The face plant comment made me laugh because I know how that feels! Good thing amazing dogs like Quiz are around to take the focus off you nearly falling over!


----------



## AmberSunrise (Apr 1, 2009)

Congratulations  Elite courses can be so much fun especially when you Q LOL


----------



## LibertyME (Jan 6, 2007)

Congrats Stephanie and ear scritches to your boy!!


----------



## Sienna's Mom (Oct 23, 2007)

Congrats  Great photos!

I went to college at San Luis Obispo :


----------



## hotel4dogs (Sep 29, 2008)

that's awesome! big congratulations to you and the Quizster!


----------



## BeauShel (May 20, 2007)

Way to go to you and Quiz. Thank goodness you didnt face plant.


----------



## Finn's Fan (Dec 22, 2007)

Congrats to you and Quiz! I have a friend who lives across the street from the beach in Cayucos....I think I need to pay her a visit.


----------



## Ambesi (Jul 16, 2009)

Congratulations! How fun! I really miss doing agility. I'm glad I can come and live precariously through you and the others on this forum.


----------



## katieanddusty (Feb 9, 2006)

Woohoo, congrats!!! That trial looks like a lot of fun. How did Janelle and Asher do?


----------



## mdoats (Jun 7, 2007)

Hmmm... I wonder if Babel Fish has a translator from Agility/Obedience to English? I did understand the part about Quiz getting a new title though. So congratulations to both of you!


----------



## FlyingQuizini (Oct 24, 2006)

katieanddusty said:


> Woohoo, congrats!!! That trial looks like a lot of fun. How did Janelle and Asher do?

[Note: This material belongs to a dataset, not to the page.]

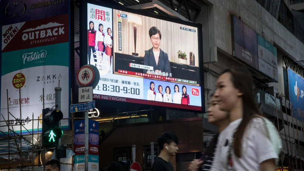 Thông báo rút bỏ hoàn toàn dự luật dẫn độ tội phạm về Trung Quốc đại lục của Trưởng Đặc khu Carrie Lam phát sóng công khai ở Hong Kong ngày 4-9. Ảnh: AP

Janelle and Taxi Q'd in two or three of their classes. Asher and Symba had lots of fun! It was only his second time showing her; she's still working out some of her "yipee skipees!" as Terry would say. They were darling to watch, though! When it comes together, they're going to be an awesome team!


----------



## Augie's Mom (Sep 28, 2007)

Congrats! Looks like you both had a blast.


----------



## hawtee (Nov 1, 2006)

Wahoo Quiz boy, keep up the good work..


----------



## sammydog (Aug 23, 2008)

Yay! Great job and congrats on the title! I have tripped over my own feet a few times, those front crosses can be tricky! Eeek!


----------



## goldengirls550 (Jun 12, 2008)

Great job, Steph. And way to go, Quiz-man!


----------



## Bogey's Mom (Dec 23, 2008)

Quiz is such a great looking dog! I am adding you as Bogey's friend on Facebook. Great pictures!


----------